Mocking AI Panic

Turing anticipated many of today’s worries about super-smart machines threatening mankind

3 min read
Illustration: Chad Hagen
Illustration: Chad Hagen

Many people today are concerned by the prospect of out-of-control artificial intelligence. Some call it “killer AI,” “evil AI,” or “malevolent AI.” Billionaires throw money at the “existential risks” posed by ultraintelligent machines: In January, Elon Musk, creator of PayPal and CEO of SpaceX and Tesla Motors, donated US $10 million to the Future of Life Institute, in Cambridge, Mass., which is “focusing on potential risks from the development of human-level artificial intelligence.” Other new research institutes with apocalyptic names explore the dangers of “singularity” scenarios, and Google has recently formed a hush-hush AI ethics board.

Actually, history is repeating itself. In the mid-1940s, public reaction to reports of the new “electronic brains” was fearful. Newspapers announced that “the controlled monster” (a room-size vacuum-tube computer) could rapidly become “the monster in control,” reducing people to “degenerate serfs.” Humans would “perish, victims of their own brain products.”

Alan Turing, the father of modern computing, added to the consternation. In his first BBC radio talk he noted, “If a machine can think, it might think more intelligently than we do, and then where should we be?” In another talk, he said that “it seems probable that once the machine thinking method had started, it would not take long to outstrip our feeble powers.” But 21st-century pundits have usually overstated the progress AI has made since Turing’s day, suggesting that ultraintelligent computers are just around the corner.

Turing thought the prospect of such machines “remote” but “not astronomically remote.” He noted, “If it comes at all it will almost certainly be within the next millennium.” And then, he said, “we should have to expect the machines to take control.”

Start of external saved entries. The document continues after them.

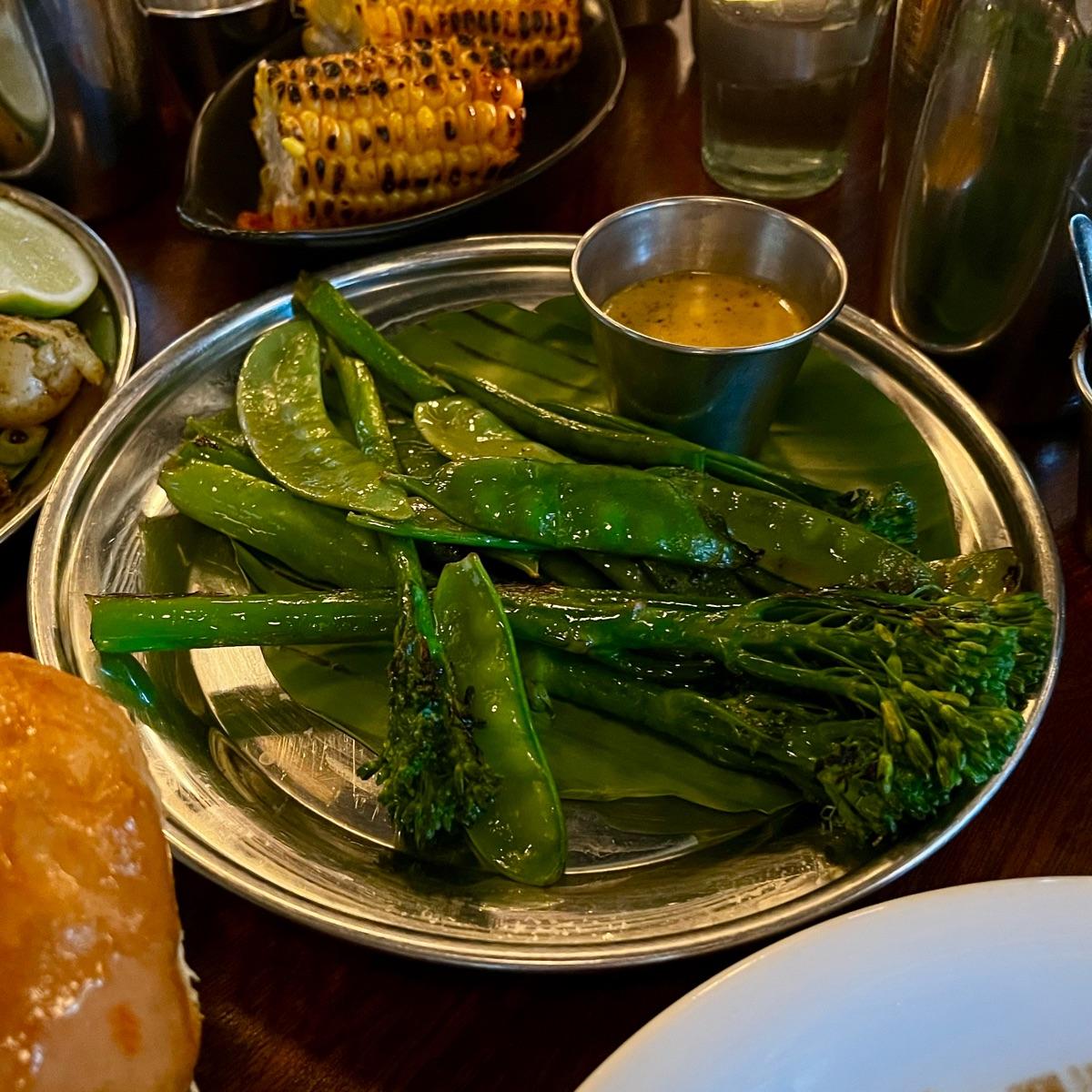 I 💚 greens and of all the dishes I had at Dishoom this was the one for me. Simple and effective grilled #tenderstembroccoli & #mangetout .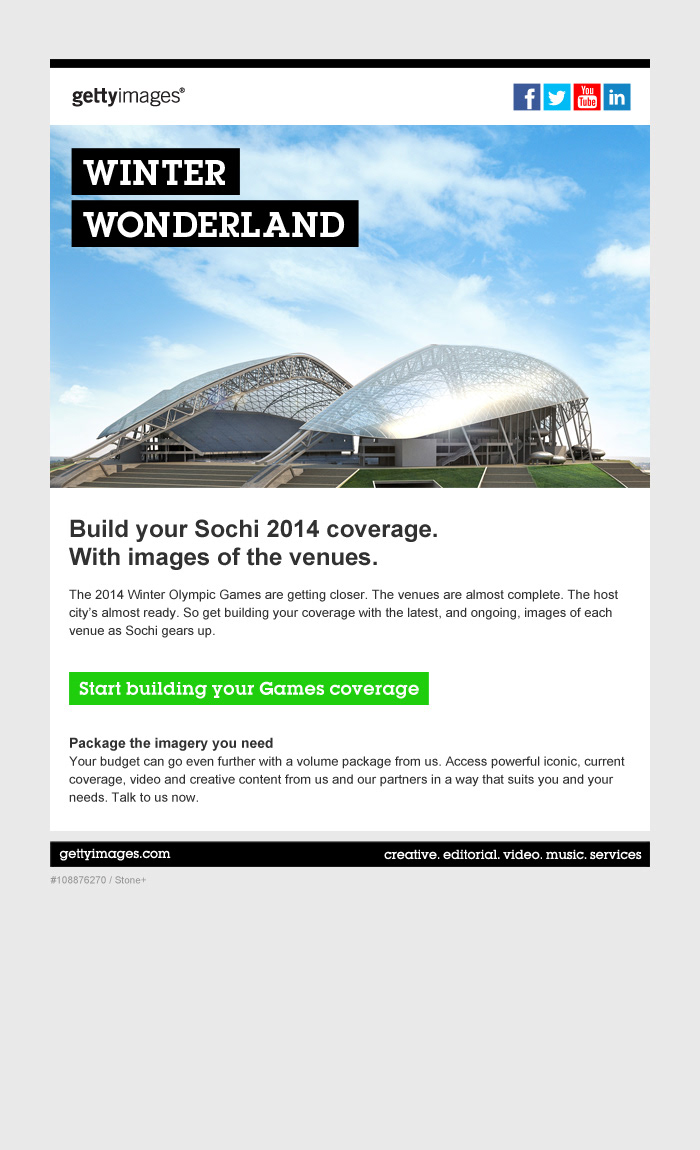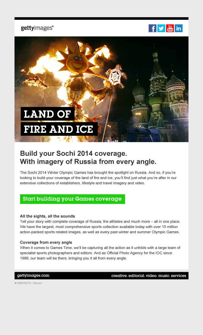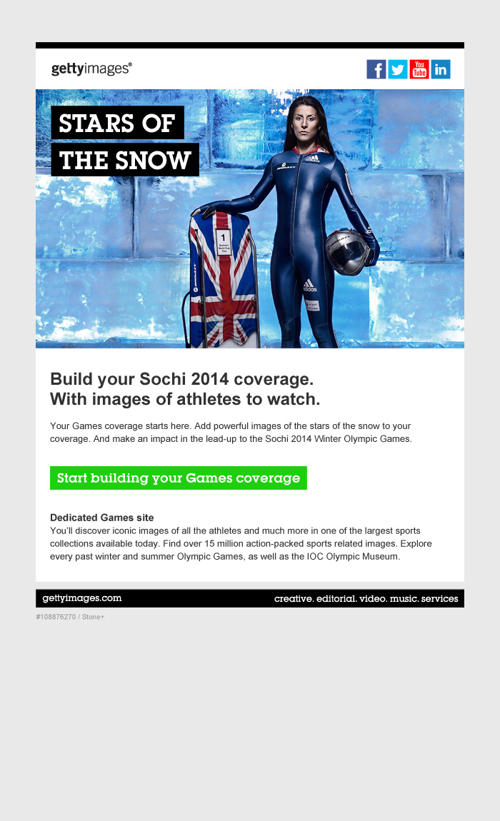 Agency: In House Client: Getty Images Role: Design and Art Direction Brief: This was an email campaign built on Eloqua templates, to promote media agencies being ready with content imagery for the upcoming Winter Olympics in Russia.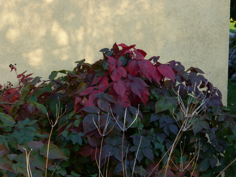 Im vorgarten ist eine Brombeere wild aufgegangen. Die Färbung hat ja was. Dennoch, die muss weg.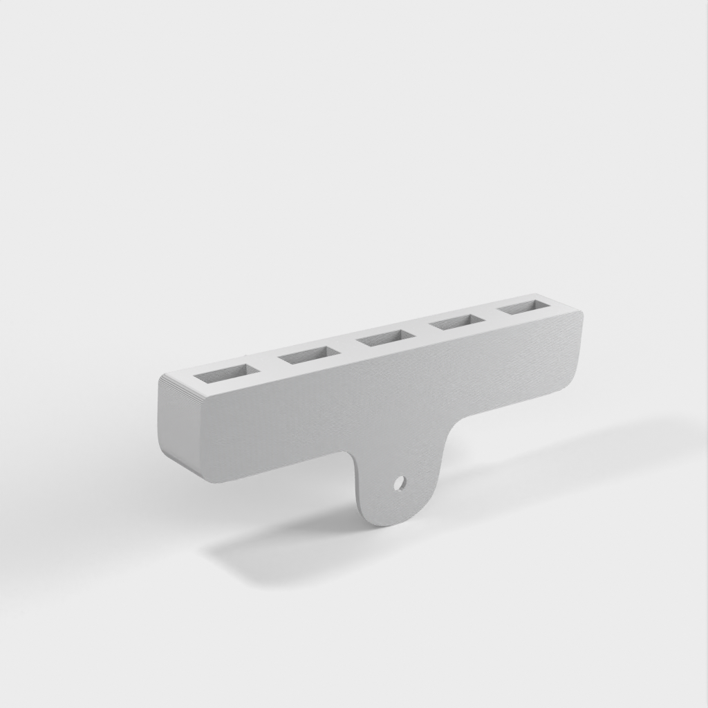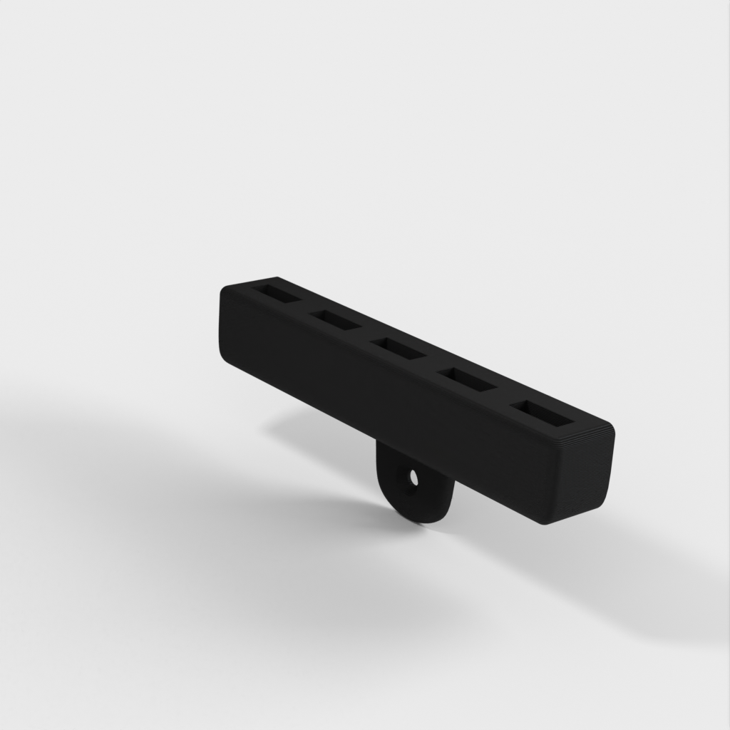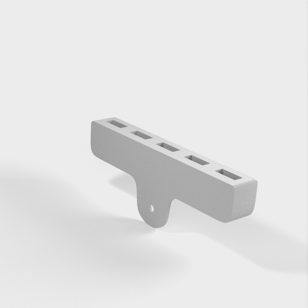 Este es un soporte USB con espacio para 5 cables diseñado para colgar en la pared junto a su escritorio, manteniendo sus cables fuera del camino pero fácilmente accesibles. El producto está diseñado para colgar hacia abajo y se fija a la pared mediante tornillos. Es necesario tener un poco de cuidado a la hora de atornillarlo a la pared para no partir la parte superior.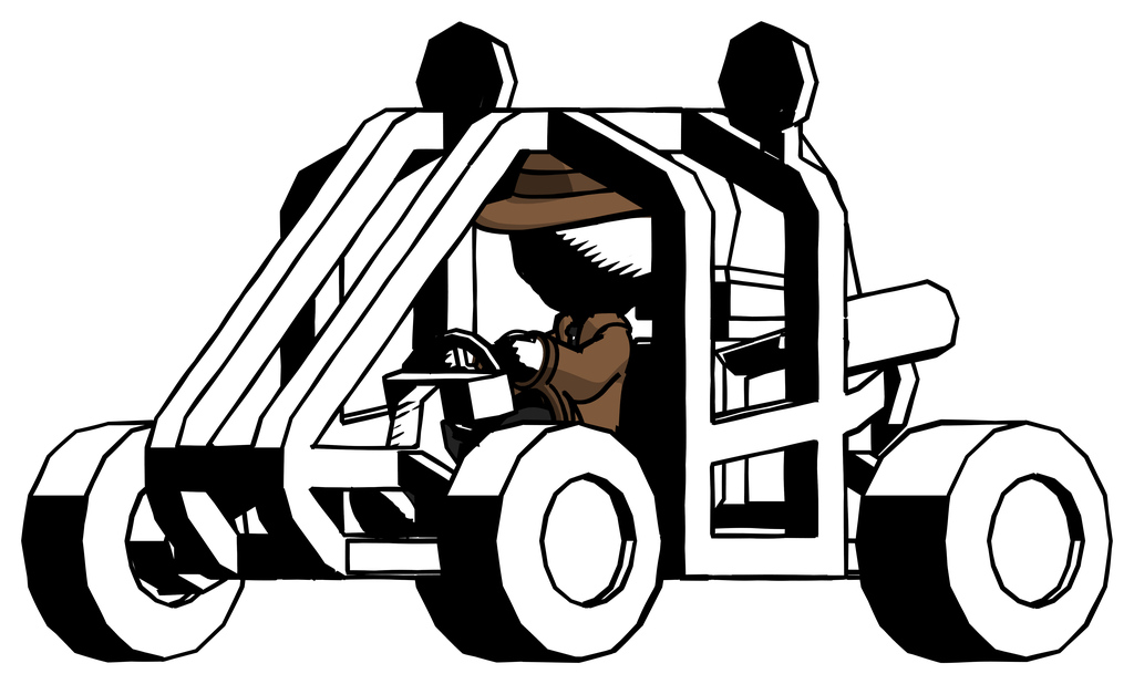Ink Detective Man riding sports buggy side angle view By Leo Blanchette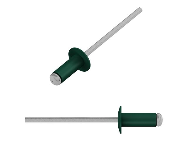 Заклепка вытяжная алюминий-сталь RAL 6005 STARFIX применяется для создания неразъемных соединений. Особенно подходит для крепления тонких листовых материалов между собой или к несущей конструкции. Тело заклепки изготовлено из алюминия, сердечник – из стали. Алюминиевая часть заклепки окрашена в цвет RAL. Для монтажа необходим заклепочный пистолет. Рекомендуется просверливать отверстие под заклепку на 0,1 – 0,2 мм больше, чем диаметр заклепки.
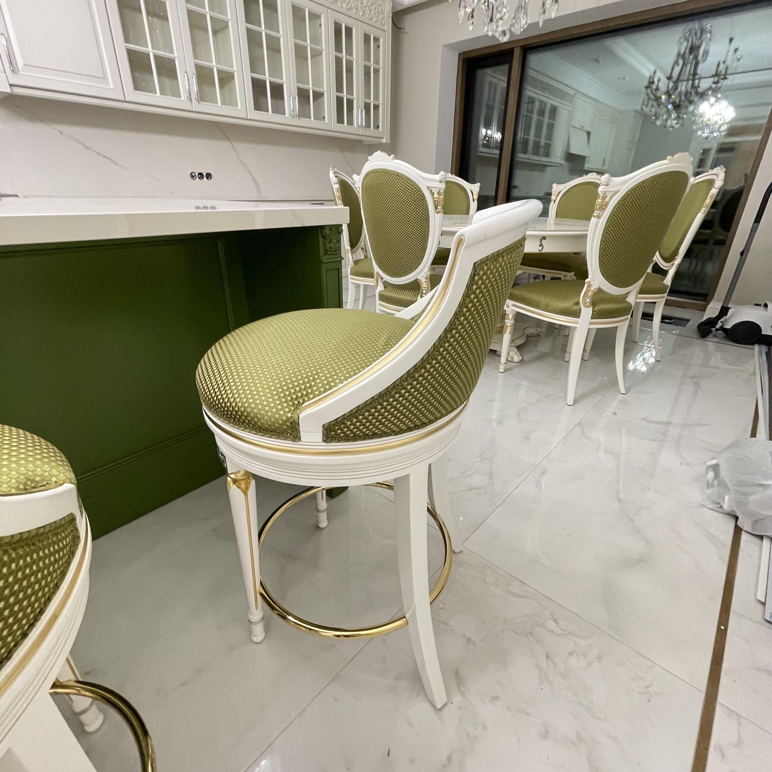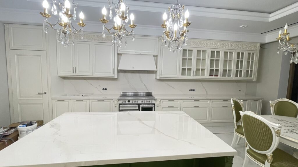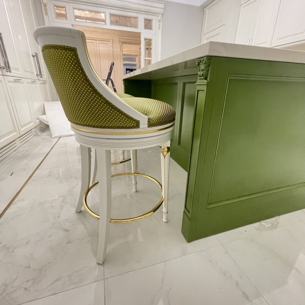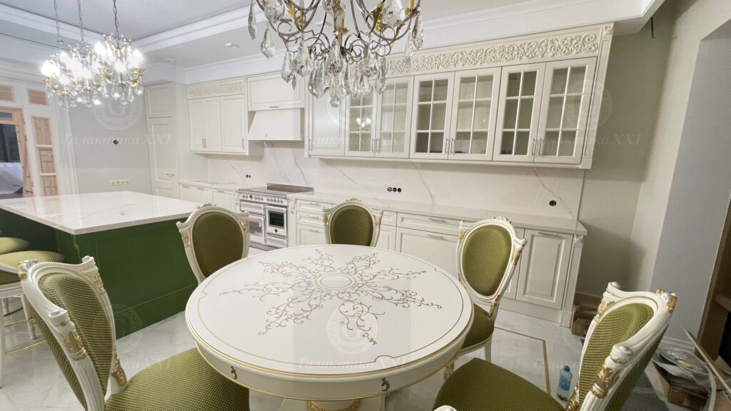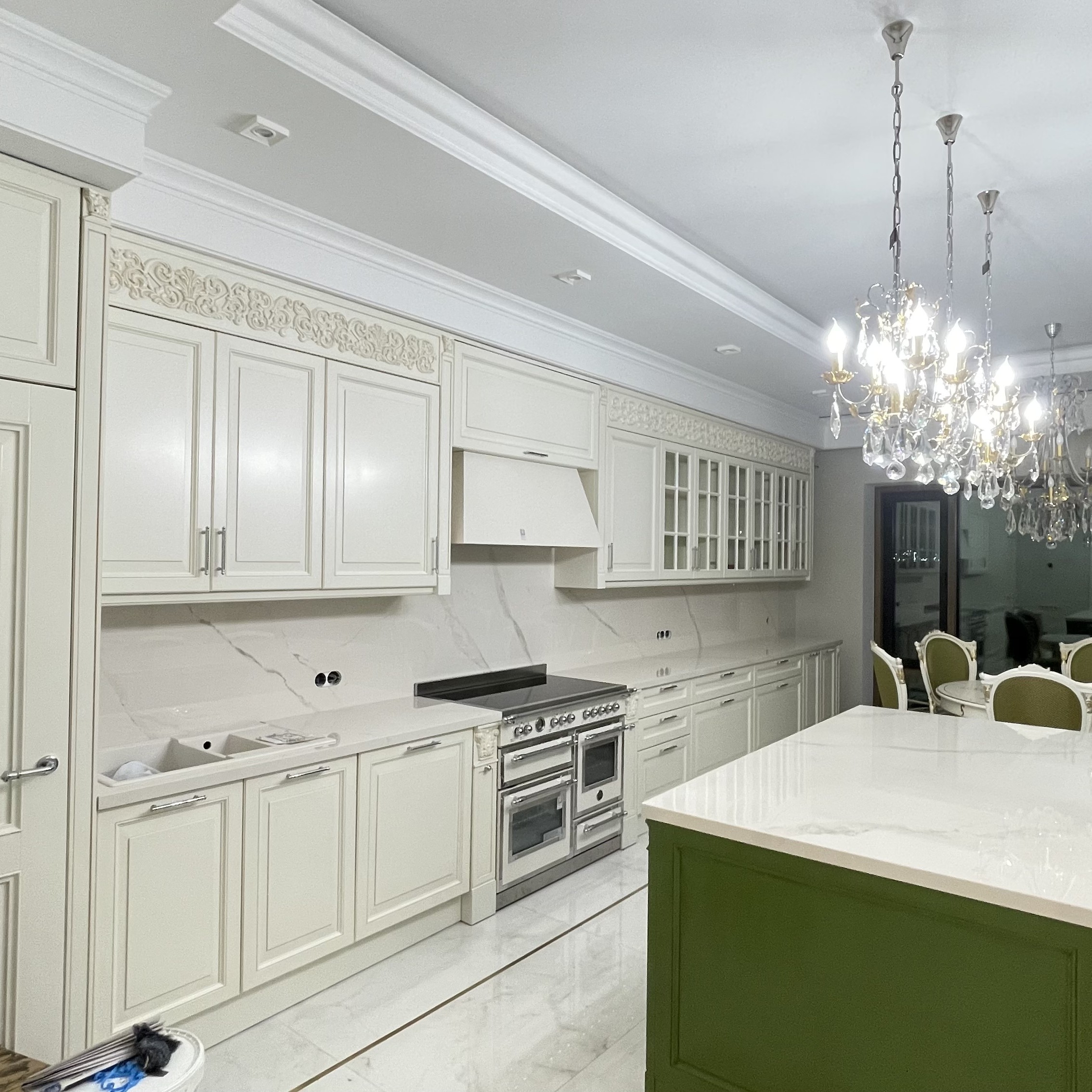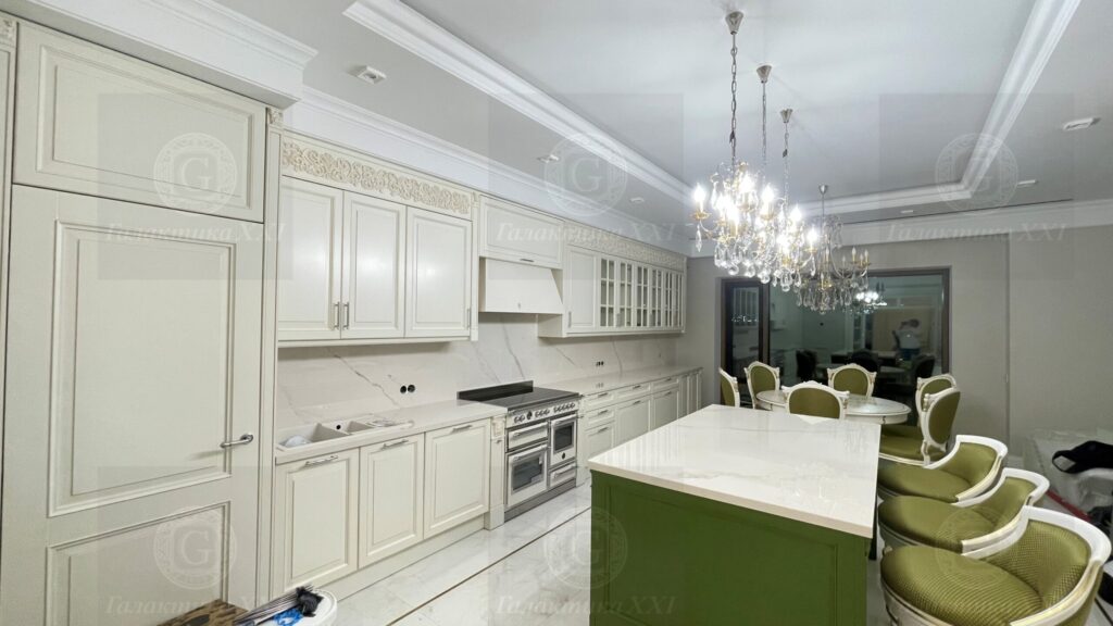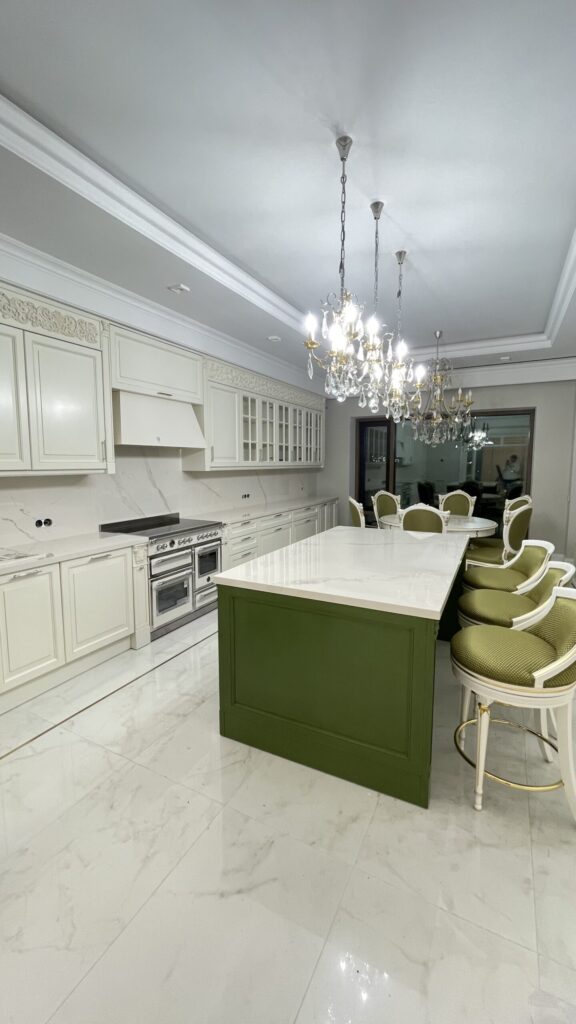 Преобладающая цветовая гамма – это светлые, пастельные тона: кремовый, бежевый, белый, оттенки мрамора. Ярким акцентом выступает насыщенный оливковый цвет кухонного острова и обивки стульев. Это сочетание создает ощущение свежести и элегантности. Освещение очень яркое и рассеянное, льющееся из множества источников. Центральное место занимают две массивные хрустальных люстры, которые бросают теплый, золотистый свет, подчеркивая изысканность интерьера.

Stephen Hawking united with Nobel laureate physicist Frank Wilczek, Wilczek’s MIT colleague Max Tegmark, and Berkeley computer scientist Stuart Russell to declare last year in The Huffington Post: “Success in creating AI would be the biggest event in human history. Unfortunately, it might also be the last.” And this past December, Hawking warned in a BBC interview that humans would be “superseded” by AIs.

In his 1951 radio broadcast, Turing used that very word—as did Samuel Butler, who wrote in his 1872 novel Erewhon (a satire Turing mentioned approvingly) that we must put “an immediate stop to all further mechanical progress.” He was, of course, ridiculing opponents of the machine age.

Turing (following Butler) poked fun at the fear of out-of-control AI. When he predicted in the London Times that machines could “enter any one of the fields normally covered by the human intellect, and eventually compete on equal terms,” the media protested at the “horrific” implication of these ideas—namely, “machines rising against their creator.” But Turing said drily, “A similar danger and humiliation threatens us from the possibility that we might be superseded by the pig or the rat.” He joked—but with a good pinch of his usual common sense—that we might be able to “keep the machines in a subservient position, for instance by turning off the power at strategic moments.”

Turing knew that developments in AI worried some scientists, as well as other folk. Pioneering cyberneticist William Grey Walter had said as early as 1948 that there was “something sinister” about the new “mechanical monsters.”

Alarm today spreads further and more quickly. Last year Musk told his 1.7 million Twitter followers that AI is potentially “more dangerous than nukes.” Even escaping to Mars—presumably on one of his own rockets—wouldn’t help, he said: “The AI will chase us there pretty quickly.” In January, Bill Gates told Reddit’s millions of visitors, “I agree with Elon Musk and some others on this and don’t understand why some people are not concerned.”

Turing’s response to AI panic was gentle mockery. All the same, there was a serious edge to his humor. If runaway AI comes, he said, “we should, as a species, feel greatly humbled.” He seemed almost to welcome the possibility of this humiliating lesson for the human race.

In Turing’s view, humans are not exceptional: We, too, are machines. He said matter-of-factly on the BBC, “It is customary, in a talk or article on this subject, to offer a grain of comfort, in the form of a statement that some particularly human characteristic could never be imitated by a machine.” But, Turing ended chillingly, “I cannot offer any such comfort.”